Leilão do 5G: são milhões, mas são para eles

Manuel Gouveia

A liberalização das telecomunicações levou ao aumento do custo para os utilizadores

Começou o leilão do 5G. Com os habituais anúncios de receitas de milhões (49 milhões na primeira ronda, 61 na segunda, e vêm aí mais rondas) que os mais distraídos pensam ser uma oferta de generosos grupos capitalistas, e de facto não são mais que adiantamentos feitos por agiotas que amanhã pagaremos com juros inimagináveis.

É que a troco desses milhões está a ser entregue, por 15 anos, mais um conjunto de faixas do espectro electromagnético nacional para operadores privados o poderem explorar, prosseguindo a liberalização do sector das telecomunicações. Uma liberalização que é a responsável por hoje em Portugal se pagar um valor elevadíssimo pelos acesso às telecomunicações (a maioria das famílias paga mais pelas telecomunicações que pela água, a electricidade ou o saneamento), e pelo acesso às redes estar fortemente condicionado pela falta de investimento na universalização, com vastas regiões do País excluídas de um serviço de qualidade.

A grande diferença face a processos anteriores está no combate que este tem merecido por parte do oligopólio que domina o mercado nacional – NOS, Altice, Vodafone – que pretendem: dificultar a entrada de novos concorrentes no mercado, pagar menos pela utilização das novas frequências e ver reduzidas as obrigações contratuais, nomeadamente de acesso efectivo à rede nas zonas não lucrativas.

A violência com que estes grupos monopolistas atacam a ANACOM tem a ver com o facto de se sentirem ameaçado no seu papel dominante.
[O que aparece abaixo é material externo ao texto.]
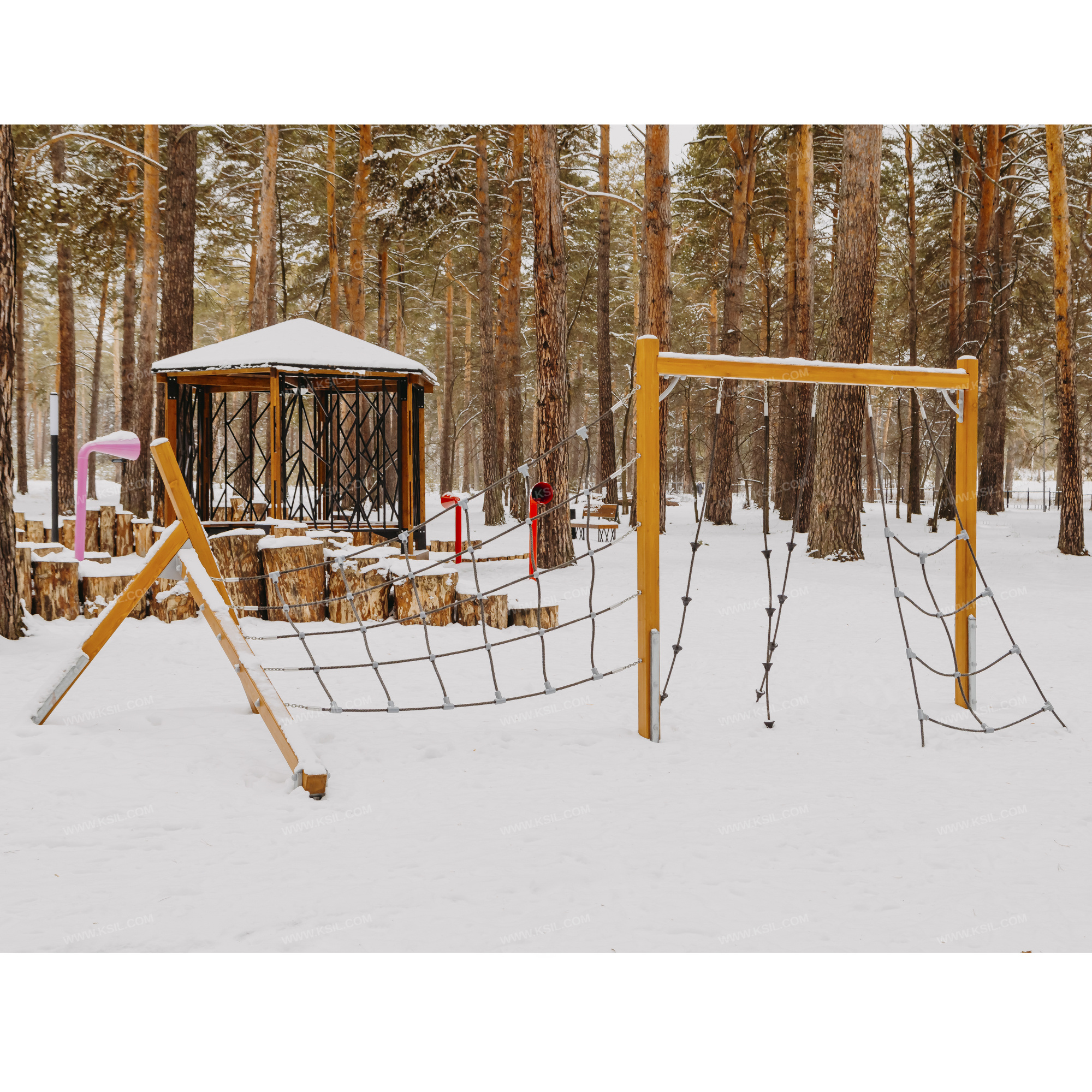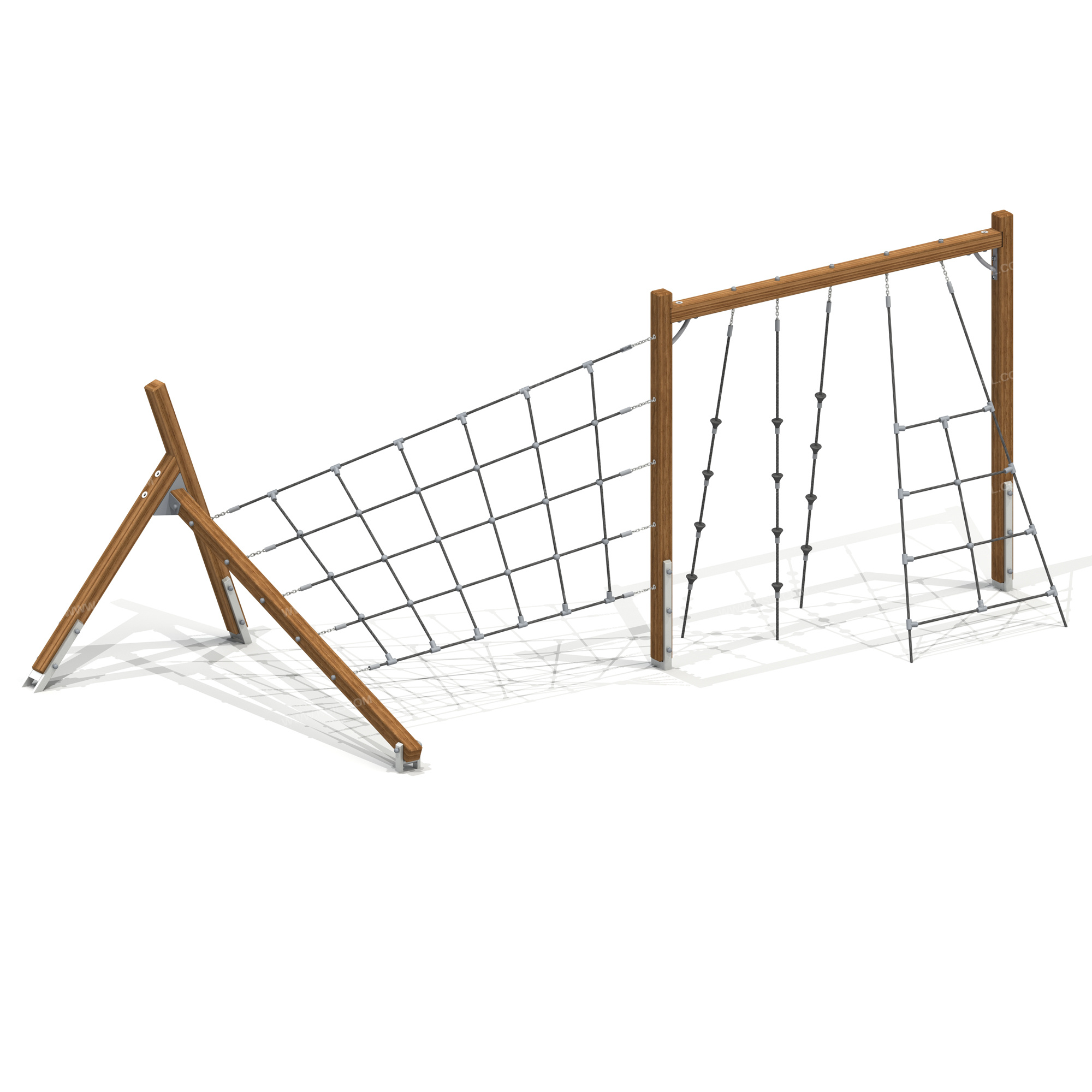 Спортивный комплекс должен представлять собой конструкцию, состоящую из несущих столбов, изготовленных из лиственницы с навесным оборудованием: сетка объемная, сетка-трапеция и 3 луча с уступами.Несущие вертикальные и горизонтальные столбы комплекса должны быть выполнены из клееного деревянного бруса лиственницы сечением не менее 100х100 мм и иметь скругленный профиль. Снизу вертикальные столбы крепятся на металлические разборные подпятники, выполненные из профильной трубы 50х25 и пластины толщиной 8 мм, которые бетонируются в землю. Горизонтальные столбы крепятся к вертикальным с помощью металлических уголков жесткости, выполненных из трубы сечением 26 мм и металлической полосы толщиной не менее 4 мм.Наклонный бум и его опоры должны быть выполнены из клееного деревянного бруса лиственницы сечением не менее 100х100 мм и иметь скругленный профиль. Снизу наклонный бум и его опоры крепятся на металлические подпятники из профильной трубы сечением 50х25 с толщиной стенки не менее 2.5 мм, которые бетонируются в землю. Соединение наклонного бума с опорами выполнено в виде кронштейна из металлического листа толщиной не менее 4 мм и окрашенного порошковыми красками.Объемная сетка, сетка-трапеция и лучи с уступами должны быть выполнены из полипропиленового 6-типрядного армированного металлом каната тросовой свивки с резиновым сердечником, канат сетки должен быть диаметром не менее 16 мм и соединен между собой пластиковыми креплениями. На лучи закреплены пластиковые уступы.
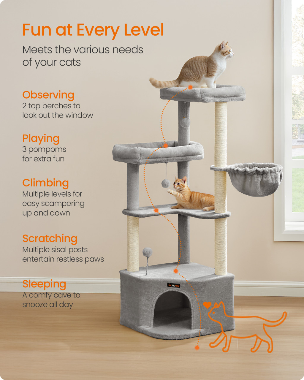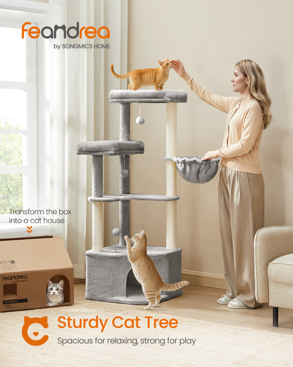 A Feandrea macskatorony minden igényt kielégít: a tágas barlang, a két nagy pihenőfelület és a függő kosár bőséges helyet kínál a pihenéshez és megfigyeléshez. A 140,7 cm magasság lehetővé teszi macskája számára, hogy különböző szinteken fedezze fel környezetét, miközben a négy szizállal bevont kaparóoszlop gondoskodik a karmok egészségéről.
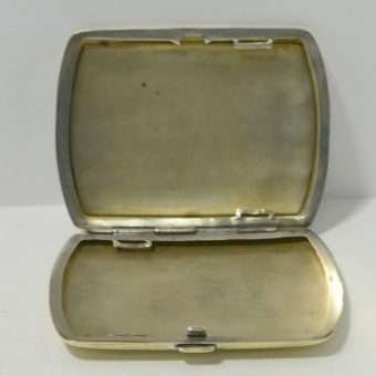 This beautiful, silverplate, cigarette case is gorgeously illustrated with an image of a Pointer dog done in porcelain enamel. Measuring 3 3/4″ long x 2 3/4 tall, it is gilded on the inside and on the back. It has a tightly working button closure. There is some mild scratching due to its age, but it is otherwise in excellent condition.
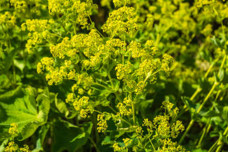 Flowers of a wild toxic plant Euphorbia cyparissias. Cypress Spurge / Euphorbia Cyparissis blooms among herbs. detail of cypress spurge flowers

E a abordagem da ANACOM não tem nada de revolucionário, limita-se a aplicar a lei liberalizante quando os actuais detentores do monopólio acham que a liberalização deve terminar com a transferência do Estado para eles do domínio do sector. A ANACOM limita-se a acreditar que promover uma maior e mais justa concorrência e regular o mercado são as mezinhas para todos os problemas.

E é por isso que denunciamos os interesses por detrás da campanha montada pelo oligópolio mas sem aplaudir o que a ANACOM está a fazer, e até tentámos travar o leilão através do Projecto de Resolução «Em defesa de um Serviço Público de Telecomunicações», chumbado na Assembleia da República em Novembro.

É que a mezinha não dá os resultados que promete, e começa a ser tempo de o perceberem aqueles que nela acreditam ingenuamente. Produz ricos mais ricos e não riqueza, promove a precariedade laboral efectiva, leva ao sequestro de quaisquer tentativas de regulação, cria um monopólio privado sobre um sector cada vez mais estratégico, com prejuízo da soberania nacional e reforçando os mecanismos de dominação das massas nas mãos dos que as oprimem.

É preciso a coragem e a vontade de seguir outro caminho: preservar o domínio público sobre o espectro electromagnético, reconstruir uma empresa pública e nacional de telecomunicações, universalizar o acesso às redes, reduzir o custo do serviço, assegurar as necessidades estratégicas do País e valorizar o trabalho e os trabalhadores do sector.